Background
When optimizing the write performance of GreptimeDB v0.7, we discovered through flame graphs that the CPU time spent parsing Prometheus write requests accounted for about 12% of the total. In comparison, the CPU time spent on protocol parsing by VictoriaMetrics, which is implemented in Go, is only around 5%. This forced us to start considering optimizing the overhead of the protocol conversion layer.
To simplify the discussion, all the test code is stored in the GitHub repository https://github.com/v0y4g3r/prom-write-request-bench.

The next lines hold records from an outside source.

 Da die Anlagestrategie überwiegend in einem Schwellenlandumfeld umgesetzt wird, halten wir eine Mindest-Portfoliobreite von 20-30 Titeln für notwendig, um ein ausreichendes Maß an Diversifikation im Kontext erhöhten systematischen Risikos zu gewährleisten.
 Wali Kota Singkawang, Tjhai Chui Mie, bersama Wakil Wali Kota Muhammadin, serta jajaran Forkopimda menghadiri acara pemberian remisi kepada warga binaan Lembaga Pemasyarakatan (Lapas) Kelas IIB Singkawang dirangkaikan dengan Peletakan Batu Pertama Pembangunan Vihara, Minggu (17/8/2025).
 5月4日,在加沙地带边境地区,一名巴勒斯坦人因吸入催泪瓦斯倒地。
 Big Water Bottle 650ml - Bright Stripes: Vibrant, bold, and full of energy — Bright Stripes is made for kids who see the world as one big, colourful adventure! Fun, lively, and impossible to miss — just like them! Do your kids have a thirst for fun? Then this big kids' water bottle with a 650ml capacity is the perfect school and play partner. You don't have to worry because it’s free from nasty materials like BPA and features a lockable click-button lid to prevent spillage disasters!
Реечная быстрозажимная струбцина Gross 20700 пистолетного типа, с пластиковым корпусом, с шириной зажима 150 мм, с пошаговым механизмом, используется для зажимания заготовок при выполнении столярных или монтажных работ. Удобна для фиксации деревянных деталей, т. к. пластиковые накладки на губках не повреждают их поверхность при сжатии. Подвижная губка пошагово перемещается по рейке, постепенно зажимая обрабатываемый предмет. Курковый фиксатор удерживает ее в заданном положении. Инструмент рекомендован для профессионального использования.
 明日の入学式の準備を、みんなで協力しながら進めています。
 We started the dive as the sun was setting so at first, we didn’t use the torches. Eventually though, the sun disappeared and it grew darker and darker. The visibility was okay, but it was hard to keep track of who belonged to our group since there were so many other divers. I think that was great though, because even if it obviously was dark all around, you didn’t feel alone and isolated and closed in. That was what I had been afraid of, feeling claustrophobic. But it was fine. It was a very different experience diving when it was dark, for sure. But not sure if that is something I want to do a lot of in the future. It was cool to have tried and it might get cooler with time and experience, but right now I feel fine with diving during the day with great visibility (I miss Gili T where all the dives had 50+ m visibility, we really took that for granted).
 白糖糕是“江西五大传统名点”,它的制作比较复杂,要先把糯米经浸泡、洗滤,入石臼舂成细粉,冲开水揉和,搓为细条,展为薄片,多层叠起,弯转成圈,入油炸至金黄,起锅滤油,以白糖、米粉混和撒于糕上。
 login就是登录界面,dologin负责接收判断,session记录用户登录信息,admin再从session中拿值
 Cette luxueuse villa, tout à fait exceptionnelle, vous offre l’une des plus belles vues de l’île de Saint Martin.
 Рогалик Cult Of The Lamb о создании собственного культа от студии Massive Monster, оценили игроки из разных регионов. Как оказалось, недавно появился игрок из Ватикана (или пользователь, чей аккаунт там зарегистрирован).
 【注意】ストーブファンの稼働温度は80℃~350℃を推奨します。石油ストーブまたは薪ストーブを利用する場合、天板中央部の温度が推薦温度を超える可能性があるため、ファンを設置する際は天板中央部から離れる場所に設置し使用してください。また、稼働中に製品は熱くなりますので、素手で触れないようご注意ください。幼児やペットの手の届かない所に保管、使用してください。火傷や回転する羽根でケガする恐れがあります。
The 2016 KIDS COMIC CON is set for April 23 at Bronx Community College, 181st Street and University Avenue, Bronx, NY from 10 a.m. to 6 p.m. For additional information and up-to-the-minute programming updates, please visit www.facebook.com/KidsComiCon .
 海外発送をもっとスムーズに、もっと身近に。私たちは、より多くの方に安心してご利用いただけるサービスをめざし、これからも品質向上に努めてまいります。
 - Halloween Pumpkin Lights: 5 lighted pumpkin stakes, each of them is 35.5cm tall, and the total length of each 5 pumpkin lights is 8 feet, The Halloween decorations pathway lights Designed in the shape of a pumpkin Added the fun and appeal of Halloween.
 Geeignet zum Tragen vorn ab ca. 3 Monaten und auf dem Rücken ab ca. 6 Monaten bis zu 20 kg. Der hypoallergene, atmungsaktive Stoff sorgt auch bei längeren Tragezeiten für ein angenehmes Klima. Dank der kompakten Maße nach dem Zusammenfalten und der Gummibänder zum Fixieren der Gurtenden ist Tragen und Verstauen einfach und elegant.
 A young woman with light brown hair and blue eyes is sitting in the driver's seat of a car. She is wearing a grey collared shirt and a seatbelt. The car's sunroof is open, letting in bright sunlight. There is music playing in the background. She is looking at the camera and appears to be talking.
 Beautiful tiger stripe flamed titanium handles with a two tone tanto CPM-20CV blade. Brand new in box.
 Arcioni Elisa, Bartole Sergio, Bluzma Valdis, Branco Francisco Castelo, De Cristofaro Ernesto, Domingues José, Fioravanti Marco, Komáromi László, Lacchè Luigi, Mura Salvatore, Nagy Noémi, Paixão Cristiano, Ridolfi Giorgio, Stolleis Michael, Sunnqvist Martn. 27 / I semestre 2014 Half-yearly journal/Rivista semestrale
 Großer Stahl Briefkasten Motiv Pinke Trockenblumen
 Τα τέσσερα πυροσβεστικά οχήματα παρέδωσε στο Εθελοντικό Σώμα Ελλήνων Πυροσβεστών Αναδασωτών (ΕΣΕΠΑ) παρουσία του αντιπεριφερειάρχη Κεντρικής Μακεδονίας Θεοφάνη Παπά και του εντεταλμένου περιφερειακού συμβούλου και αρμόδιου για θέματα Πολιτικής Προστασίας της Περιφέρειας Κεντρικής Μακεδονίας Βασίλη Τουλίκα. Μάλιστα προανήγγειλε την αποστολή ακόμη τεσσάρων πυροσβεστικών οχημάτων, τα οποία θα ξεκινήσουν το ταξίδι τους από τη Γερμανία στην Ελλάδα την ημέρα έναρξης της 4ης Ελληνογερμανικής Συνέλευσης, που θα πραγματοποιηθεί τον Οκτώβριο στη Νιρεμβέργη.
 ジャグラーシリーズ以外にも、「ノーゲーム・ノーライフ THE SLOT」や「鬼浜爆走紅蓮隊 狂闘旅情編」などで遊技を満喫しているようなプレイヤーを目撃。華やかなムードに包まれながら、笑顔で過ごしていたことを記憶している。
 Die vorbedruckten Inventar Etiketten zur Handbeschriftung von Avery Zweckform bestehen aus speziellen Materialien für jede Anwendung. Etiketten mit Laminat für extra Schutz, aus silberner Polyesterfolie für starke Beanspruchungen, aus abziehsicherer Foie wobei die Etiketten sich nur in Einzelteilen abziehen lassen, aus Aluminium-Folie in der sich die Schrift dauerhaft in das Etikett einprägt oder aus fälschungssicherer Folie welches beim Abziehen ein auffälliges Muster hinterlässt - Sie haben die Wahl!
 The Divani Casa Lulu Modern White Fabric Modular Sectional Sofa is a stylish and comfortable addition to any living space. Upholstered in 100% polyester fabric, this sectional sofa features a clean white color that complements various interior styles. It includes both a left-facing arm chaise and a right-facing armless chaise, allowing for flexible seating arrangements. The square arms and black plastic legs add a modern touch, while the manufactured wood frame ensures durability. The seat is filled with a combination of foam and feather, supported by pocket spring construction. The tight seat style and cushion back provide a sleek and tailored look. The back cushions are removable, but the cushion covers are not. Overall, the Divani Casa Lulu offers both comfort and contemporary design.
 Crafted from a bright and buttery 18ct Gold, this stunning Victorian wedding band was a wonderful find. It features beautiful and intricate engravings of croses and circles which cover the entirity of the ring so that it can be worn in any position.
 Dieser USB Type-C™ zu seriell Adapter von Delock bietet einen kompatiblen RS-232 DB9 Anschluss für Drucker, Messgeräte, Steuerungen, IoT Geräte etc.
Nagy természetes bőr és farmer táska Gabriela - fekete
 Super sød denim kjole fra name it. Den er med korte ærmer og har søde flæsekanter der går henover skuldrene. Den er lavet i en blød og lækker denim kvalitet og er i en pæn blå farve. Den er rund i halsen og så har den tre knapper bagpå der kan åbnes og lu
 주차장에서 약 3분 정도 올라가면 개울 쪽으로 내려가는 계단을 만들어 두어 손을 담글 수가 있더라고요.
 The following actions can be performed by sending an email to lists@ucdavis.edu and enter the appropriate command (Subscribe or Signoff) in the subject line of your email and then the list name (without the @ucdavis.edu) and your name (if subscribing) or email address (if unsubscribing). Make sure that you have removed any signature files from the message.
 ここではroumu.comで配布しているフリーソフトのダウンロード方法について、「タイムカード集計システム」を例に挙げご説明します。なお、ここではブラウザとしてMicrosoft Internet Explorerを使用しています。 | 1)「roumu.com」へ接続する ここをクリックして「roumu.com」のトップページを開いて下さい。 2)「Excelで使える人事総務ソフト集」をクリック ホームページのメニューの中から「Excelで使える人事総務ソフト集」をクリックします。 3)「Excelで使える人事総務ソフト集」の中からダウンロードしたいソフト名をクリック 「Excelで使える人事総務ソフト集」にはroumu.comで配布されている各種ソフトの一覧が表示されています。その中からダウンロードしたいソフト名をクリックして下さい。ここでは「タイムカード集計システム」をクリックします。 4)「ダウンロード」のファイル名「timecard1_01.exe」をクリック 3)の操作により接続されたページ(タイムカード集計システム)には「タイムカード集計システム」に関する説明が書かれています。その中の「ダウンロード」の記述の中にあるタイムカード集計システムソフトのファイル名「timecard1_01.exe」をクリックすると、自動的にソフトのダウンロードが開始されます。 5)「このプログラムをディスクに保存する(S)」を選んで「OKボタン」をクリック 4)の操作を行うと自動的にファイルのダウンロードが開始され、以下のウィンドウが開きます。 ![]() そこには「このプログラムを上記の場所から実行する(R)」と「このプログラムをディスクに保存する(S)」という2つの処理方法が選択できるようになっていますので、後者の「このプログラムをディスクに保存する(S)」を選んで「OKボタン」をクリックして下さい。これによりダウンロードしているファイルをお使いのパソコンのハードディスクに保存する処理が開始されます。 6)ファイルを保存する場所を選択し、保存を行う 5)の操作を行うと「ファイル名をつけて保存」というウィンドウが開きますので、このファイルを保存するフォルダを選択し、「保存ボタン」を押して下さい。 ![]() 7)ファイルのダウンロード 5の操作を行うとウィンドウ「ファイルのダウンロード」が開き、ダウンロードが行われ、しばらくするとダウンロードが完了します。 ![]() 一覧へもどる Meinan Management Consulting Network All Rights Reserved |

git clone https://github.com/v0y4g3r/prom-write-request-bench
cd prom-write-request-bench
export PROJECT_ROOT=$(pwd)
Optimization Steps
Step 1: Reproduce
First, let's set up the baseline using a minimal reproducible benchmark. Corresponding branch:
git checkout step1/reproduce
Rust-related benchmark code(benches/prom_decode.rs
):
fn bench_decode_prom_request(c: &mut Criterion) {
let mut d = std::path::PathBuf::from(env!("CARGO_MANIFEST_DIR"));
d.push("assets");
d.push("1709380533560664458.data");
let data = Bytes::from(std::fs::read(d).unwrap());
let mut request_pooled = WriteRequest::default();
c.benchmark_group("decode")
.bench_function("write_request", |b| {
b.iter(|| {
let mut request = WriteRequest::default();
let data = data.clone();
request.merge(data).unwrap();
});
});
}
Run the benchmark command multiple times:
cargo bench -- decode/write_request
To receive the baseline result:
decode/write_request
time: [7.3174 ms 7.3274 ms 7.3380 ms]
change: [+128.55% +129.11% +129.65%] (p = 0.00 < 0.05)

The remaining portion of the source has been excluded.